Besides antibodies, what else do B and T cells have on their surface that is important in the spleen?

Answer 17

They also have CLRs present on their surface, so that the CLRs can interact between cells. This is important for the dendritic cell to signal to B and T cells not to attack.

Question 18

What is a double interaction?

Answer 18

When the CLR and presented antigen interact.

Question 19

When we have a ‘self’ antigen, what does interaction between the CLR and presented antigen (double interaction) cause?

Answer 19

This makes the B and T cells commit suicide by apoptosis. This is because they are not needed right now due to the antigen coming from our own bodies.

Question 20

T/F: Prokaryotes have several RNA polymerase.

Answer 20

False! Prokaryotes have one RNA polymerase which does RNA synthesis.

Question 21

How are bacterial promotors generally organized form the 5’ to 3’ direction?

Answer 21

At the 5’ end, there is a -35 position sequence. Then comes a -10 position sequence. More in the 3’ direction, there is the +1 position which is the transcriptional start site.

Question 22

What is the Transitional start site?

Answer 22

+1 position

Question 23

What is the promoter region?

Answer 23

From -35 position sequence to the -10 position sequence.

Question 24

T/F: Bacterial promotors show no variation.

Answer 24

False! The sequences for bacterial promotors are not always the same.

Question 25

What is the consensus sequence?

Answer 25

The most common nucleotide sequence in bacterial promotors.

Question 26

What is the relationship between consensus sequence and promotor strength?

Answer 26

The closer the nucleotide sequence to the consensus sequence, the stronger the promotor will be.

If you use the consensus sequence for a promoter, the promotor will be VERY STRONG.

Question 27

What is the name for the -10 position sequence?

Answer 27

Pribnow Box

Question 28

Is core transcription used in bacteria or eukaryotes?

Answer 28

Bacterial transcription

Question 29

What is a closed complex?

Answer 29

This is when the sigma factor binds to the -35 and -10 position sequence at the promoter, which stops the movement of RNA polymerase along DNA. Strands are NOT separated.

Question 30

What makes up the complex in the initiation of bacterial transcription?

Answer 30

RNA polymerase and sigma factor form a complex.

Question 31

What is an open complex?

Answer 31

RNA polymerase changes its shape, which releases sigma factor. RNA polymerase can now separate DNA on its own. RNA polymerase will then move along the gene to make an RNA copy of the template strand.

Question 32

How many RNA polymerases do eukaryotes have? Which produces mrNA?

Answer 32

Pol I, Pol II, and Pol III.

Pol II makes mRNA.

Question 33

What is the transcription called that occurs in eukaryotes?

Answer 33

Basale transcription

Question 34

What does TFIID initially do during the initiation of RNA transcription?

Answer 34

TFIID bings to the TATA box, which recruits other proteins tethering the RNA polymerase to the TATA box.
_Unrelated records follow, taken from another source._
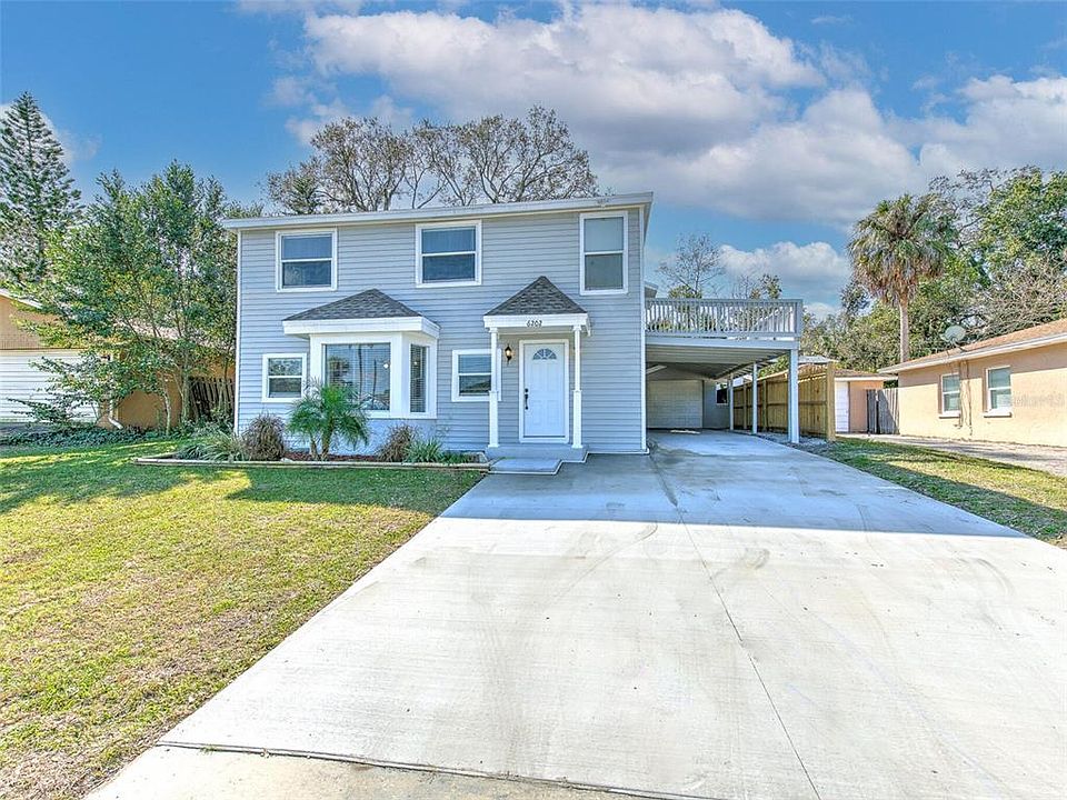 Must See! Beautifully updated two-story, 1860 sq. ft., 3 bed, 2 bath, one car garage situated in a family-friendly neighborhood. Updates include newer roof , newer AC system, paint, luxury vinyl flooring, and new carpet upstairs. Completely remodeled bathrooms include new vanities, showers, and flooring. Kitchen features new shaker cabinets, granite counter tops and newer stainless steel appliances. The Master bedroom balcony overlooks the beautifully landscaped yard with Gazebo and workshop/storage shed. Plenty of room for the whole family to enjoy. Only minutes from Main Street in downtown New Port Richey and Sims Park. Move in ready. This home is sure to go fast! All room measurements are estimates and should be verified by the buyer.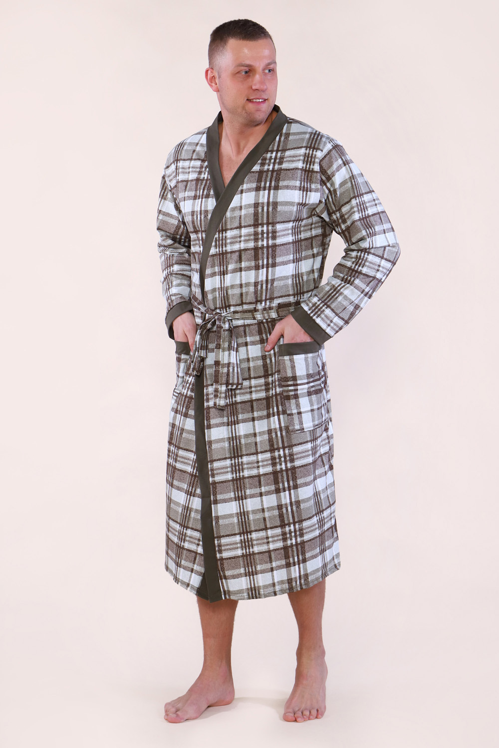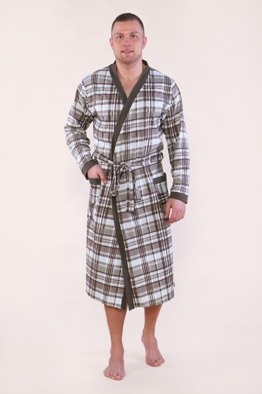 Мужской халат из кулирки — это практичная и комфортная домашняя одежда, изготовленная из 100% хлопка. Кулирка — мягкий трикотаж, который хорошо «дышит», не вызывает аллергии и подходит для ежедневного использования. Такие халаты обычно имеют свободный крой, длинные рукава и застёгиваются на запах с поясом.
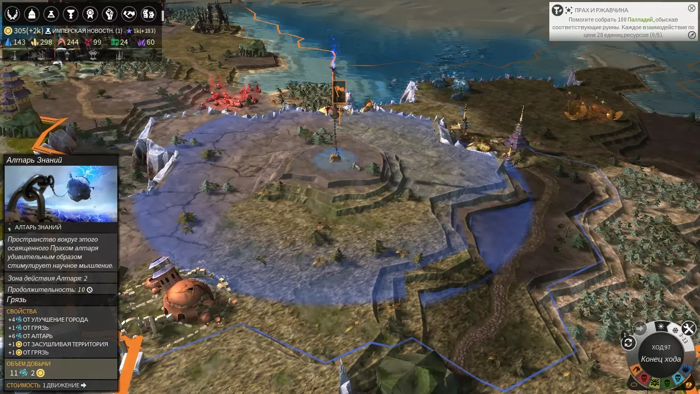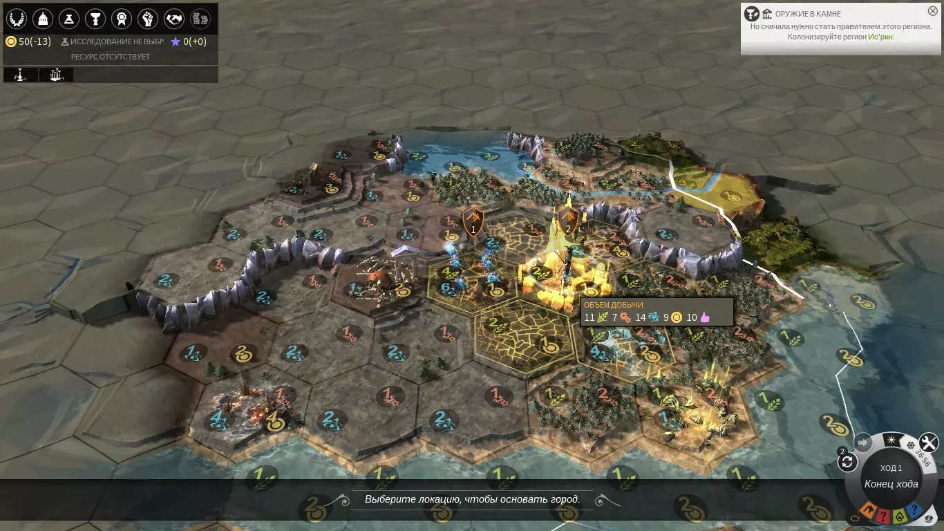 游戏开始时,玩家将操控一名英雄、两名法师泰尔瑟姆以及一名殖民者。有时遗迹可能离起始位置非常近,因此建议先派遣一名法师去探索遗迹:这不仅能为第二个祭坛带来粉尘,还能触发该区域的殖民任务。但要小心,有小概率会遭遇流浪军队的袭击。我们正在精心挑选未来城市的建造地点:需要大量的异常点、生产设施、尘埃和食物。不必过于关注进度等级——我们可以通过祭坛和建筑物来提升它。异常点对法师而言至关重要,因为英雄们能够增加来自异常点的进度获取量。

Another protein and TFIIH bind to RNA polymerase II.

Question 35

What is a kinase?

Answer 35

A protein that recognizes and phosphorylates another molecule, often a protein.

Question 36

What does phosphorylation do?

Answer 36

Causes activation of the protein.

Question 37

What 2 things does TFIIH do in eukaryotic RNA transcription initiation?

Answer 37

1) Acts as a helicase to separate DNA strands (forming an open complex)
2) Acts as a kinase by also phosphorylating RNA poly II

Question 38

What does phosphorylation of RNA poly II do?

Answer 38

It causes a change in shape that releases RNA polymerase from the tether created by the transcription factors. This causes the tether to fall apart and now RNA pol II is free to transcribe.